Acknowledgement sent
to
"Richard W.M. Jones" <rjones <at> redhat.com>
:
New bug report received and forwarded. Copy sent to
bug-coreutils <at> gnu.org
.
(Fri, 01 Nov 2013 12:19:02 GMT)
Full text and
rfc822 format available.
Message #5 received at submit <at> debbugs.gnu.org (full text, mbox):
[Message part 1 (text/plain, inline)]
On Fri, Nov 01, 2013 at 11:53:44AM +0000, Pádraig Brady wrote:
> Probably something to do with job control
> If you `set -m` first in the script,
> then the test binary doesn't hang.
Unfortunately set -m isn't quite right for the script
we are interested in fixing:
https://github.com/libguestfs/libguestfs/blob/master/run.in#L217
> I did a version of timeout once that put the child in it's own group,
> and noted in that version that I needed to leave SIGTTOU as IGN
> as tcsetpgrp(0, getpid()) caused SIGTTOU to be sent and I wasn't sure why.

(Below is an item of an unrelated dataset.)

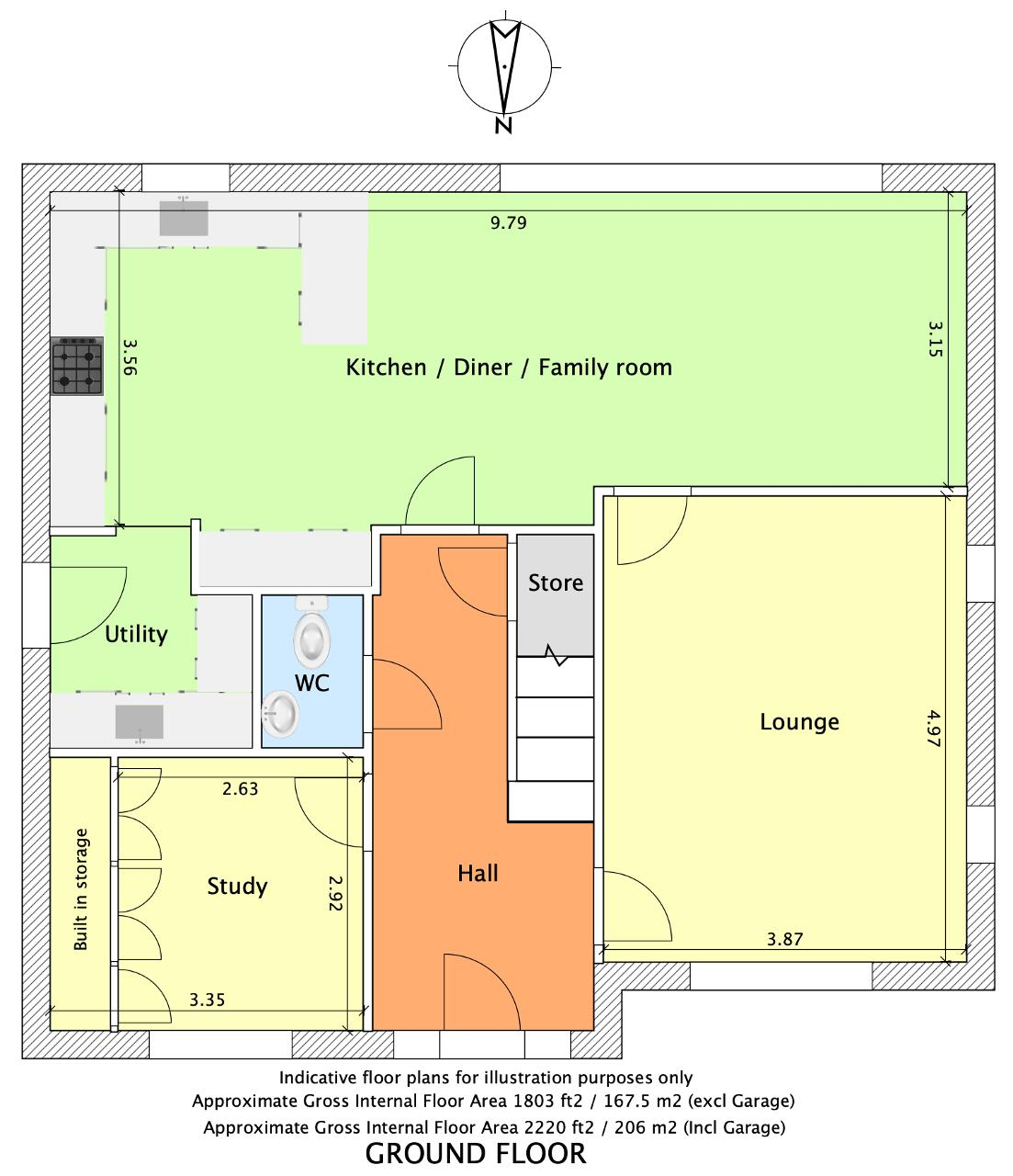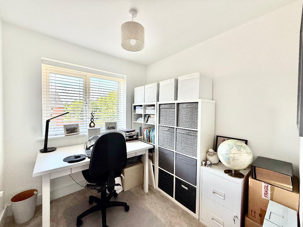 A welcoming hallway sets the tone, leading to a bright and spacious lounge to the front, with views across to the greenery of the nature reserve. There is also a separate fully fitted study - ideal for home working - and a downstairs WC.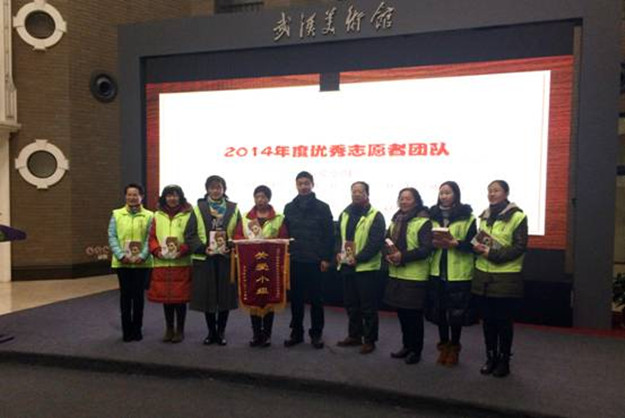 2015年1月31日下午,2014年度志愿者表彰大會(huì)在武漢美術(shù)館中庭順利召開(kāi)。根據(jù)《志愿者章程》及《志愿者活動(dòng)記錄表》對(duì)志愿者進(jìn)行考核,本屆表彰大會(huì)共表彰優(yōu)秀志愿6人,特殊貢獻(xiàn)志愿者2人,優(yōu)秀志愿者團(tuán)隊(duì)1個(gè)。

That sounds like a very similar situation to this one. The
tty_check_change function is called all over the place, so just about
any ioctl or flush or tc* function could cause SIGTTOU to be sent.
> Maybe we should be resetting SIGTT{OU,IN} to what it was
> previously set to, rather than SIG_DFL?
The attached patch does *not* work .. don't know if you can see
any obvious mistakes.
Yesterday I looked through the strace -f output between the two cases
and came to the conclusion that it's not about signal handlers at all.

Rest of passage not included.